→ **INSTRUCTIONS FOR THE TASK**:
Which lines belong in your copy? Those from the start of the data through the line with "膜盒壓力表采用膜河作為測量微", exactly as written, without any pictures.

Records excerpted from a collection
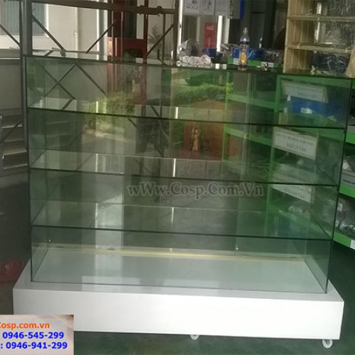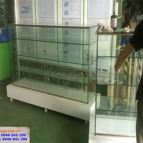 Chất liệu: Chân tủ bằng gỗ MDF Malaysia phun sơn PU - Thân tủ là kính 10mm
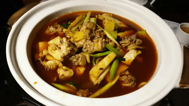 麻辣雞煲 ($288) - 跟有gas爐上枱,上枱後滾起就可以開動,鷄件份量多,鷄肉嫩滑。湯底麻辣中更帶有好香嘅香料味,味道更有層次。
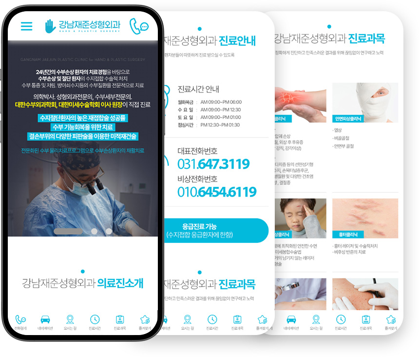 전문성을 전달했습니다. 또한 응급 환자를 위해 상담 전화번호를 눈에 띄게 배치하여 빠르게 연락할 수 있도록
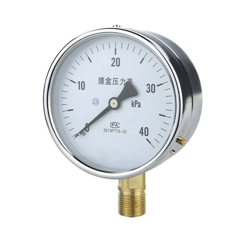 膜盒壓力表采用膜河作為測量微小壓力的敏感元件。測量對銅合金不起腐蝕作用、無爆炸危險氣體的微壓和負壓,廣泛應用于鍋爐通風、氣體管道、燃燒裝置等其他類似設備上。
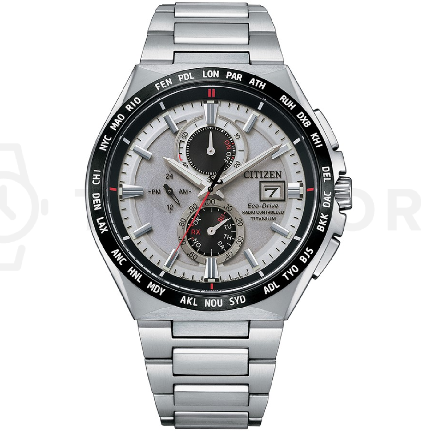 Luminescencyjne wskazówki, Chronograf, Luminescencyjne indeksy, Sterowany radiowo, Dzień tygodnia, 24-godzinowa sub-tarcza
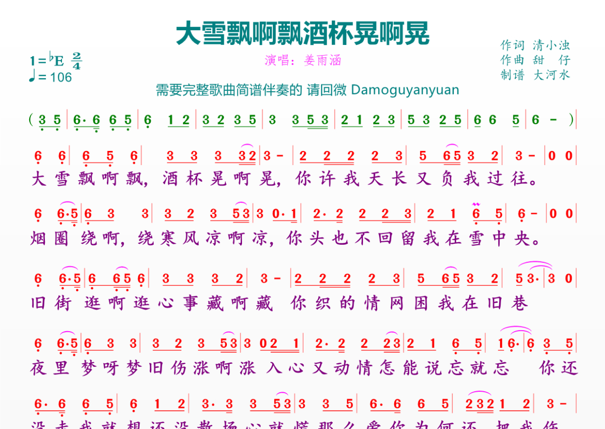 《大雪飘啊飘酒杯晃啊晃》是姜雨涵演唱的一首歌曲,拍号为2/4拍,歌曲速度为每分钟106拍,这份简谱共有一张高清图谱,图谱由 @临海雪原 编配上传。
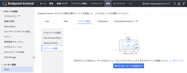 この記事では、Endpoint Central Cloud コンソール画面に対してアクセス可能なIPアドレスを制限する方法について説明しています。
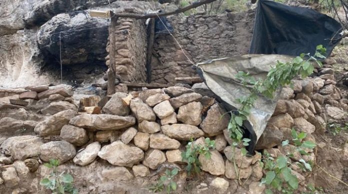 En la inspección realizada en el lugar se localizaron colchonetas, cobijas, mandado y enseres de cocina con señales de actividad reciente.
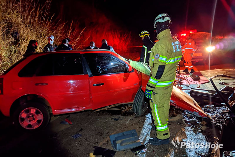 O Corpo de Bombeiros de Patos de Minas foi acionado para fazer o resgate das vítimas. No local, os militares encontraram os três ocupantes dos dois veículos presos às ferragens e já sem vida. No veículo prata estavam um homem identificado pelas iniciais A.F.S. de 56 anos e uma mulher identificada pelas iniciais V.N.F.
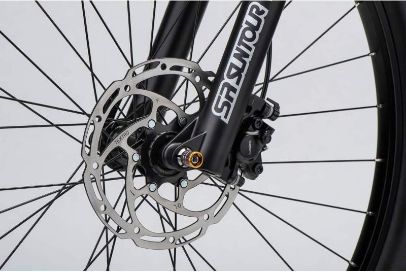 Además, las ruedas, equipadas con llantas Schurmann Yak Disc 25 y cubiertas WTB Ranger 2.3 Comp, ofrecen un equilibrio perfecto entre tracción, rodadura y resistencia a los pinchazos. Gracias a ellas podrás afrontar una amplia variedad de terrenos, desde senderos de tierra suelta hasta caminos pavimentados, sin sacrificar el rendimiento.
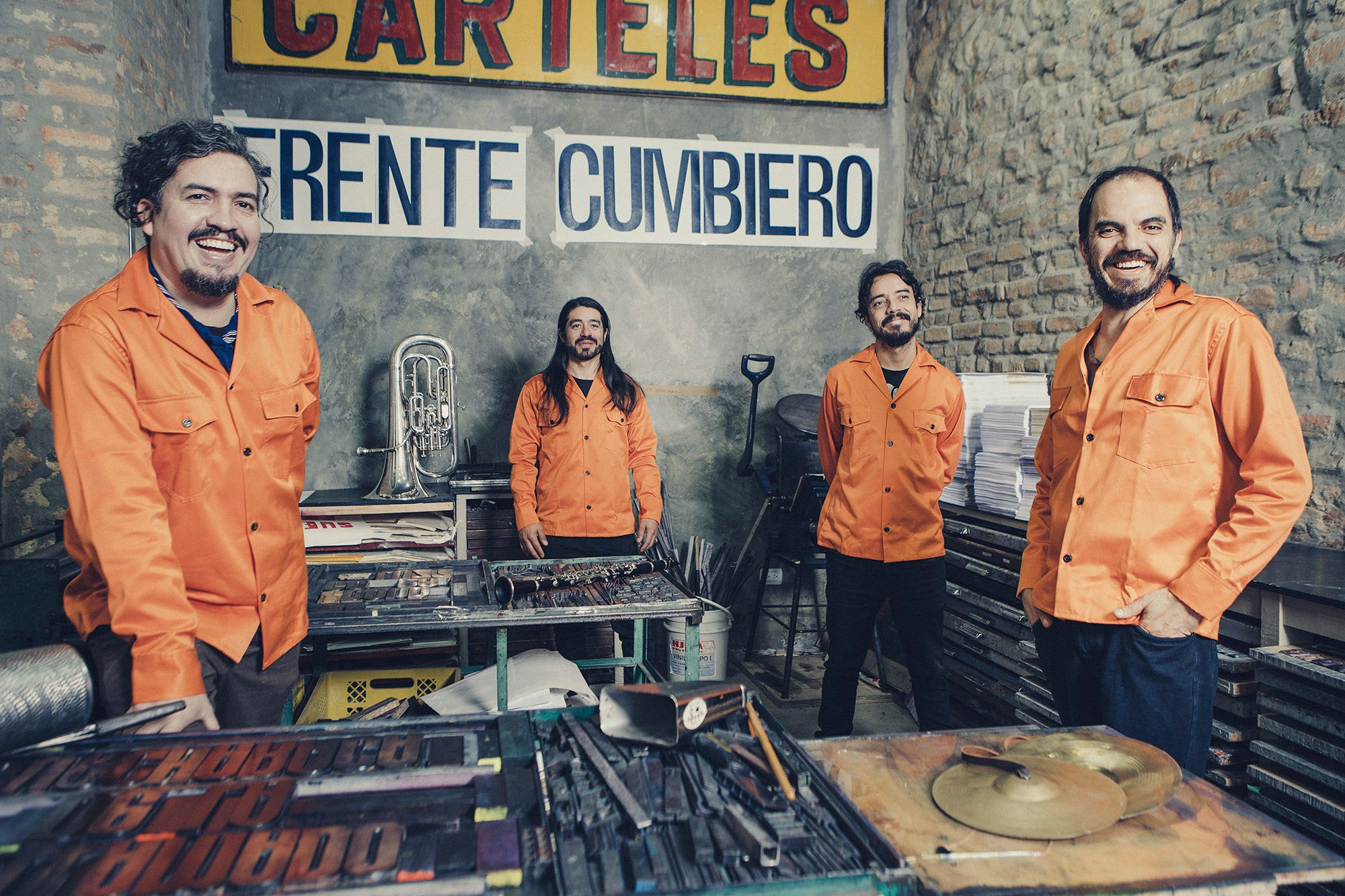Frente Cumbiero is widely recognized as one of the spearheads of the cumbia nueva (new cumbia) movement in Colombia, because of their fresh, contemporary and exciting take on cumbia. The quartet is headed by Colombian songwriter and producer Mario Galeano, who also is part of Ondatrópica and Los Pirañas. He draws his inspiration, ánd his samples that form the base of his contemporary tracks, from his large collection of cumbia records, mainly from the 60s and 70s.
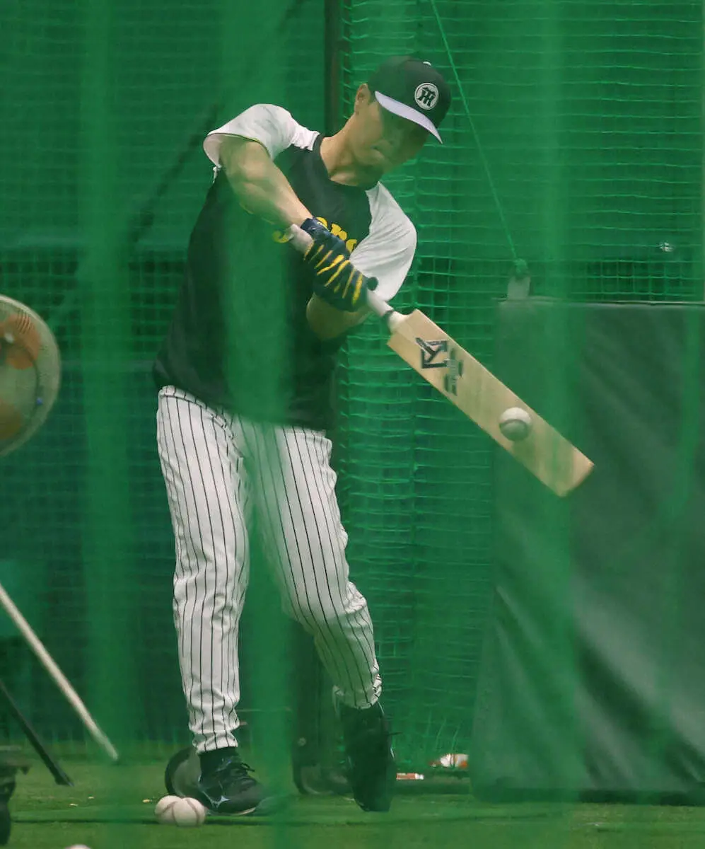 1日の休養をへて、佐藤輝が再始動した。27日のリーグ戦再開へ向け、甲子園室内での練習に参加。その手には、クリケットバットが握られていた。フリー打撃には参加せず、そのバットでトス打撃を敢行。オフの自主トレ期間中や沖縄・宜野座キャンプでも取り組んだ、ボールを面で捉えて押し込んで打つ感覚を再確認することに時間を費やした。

→ **RESULT OF THIS TASK**:
 Chất liệu: Chân tủ bằng gỗ MDF Malaysia phun sơn PU - Thân tủ là kính 10mm
 麻辣雞煲 ($288) - 跟有gas爐上枱,上枱後滾起就可以開動,鷄件份量多,鷄肉嫩滑。湯底麻辣中更帶有好香嘅香料味,味道更有層次。
 전문성을 전달했습니다. 또한 응급 환자를 위해 상담 전화번호를 눈에 띄게 배치하여 빠르게 연락할 수 있도록
 膜盒壓力表采用膜河作為測量微小壓力的敏感元件。測量對銅合金不起腐蝕作用、無爆炸危險氣體的微壓和負壓,廣泛應用于鍋爐通風、氣體管道、燃燒裝置等其他類似設備上。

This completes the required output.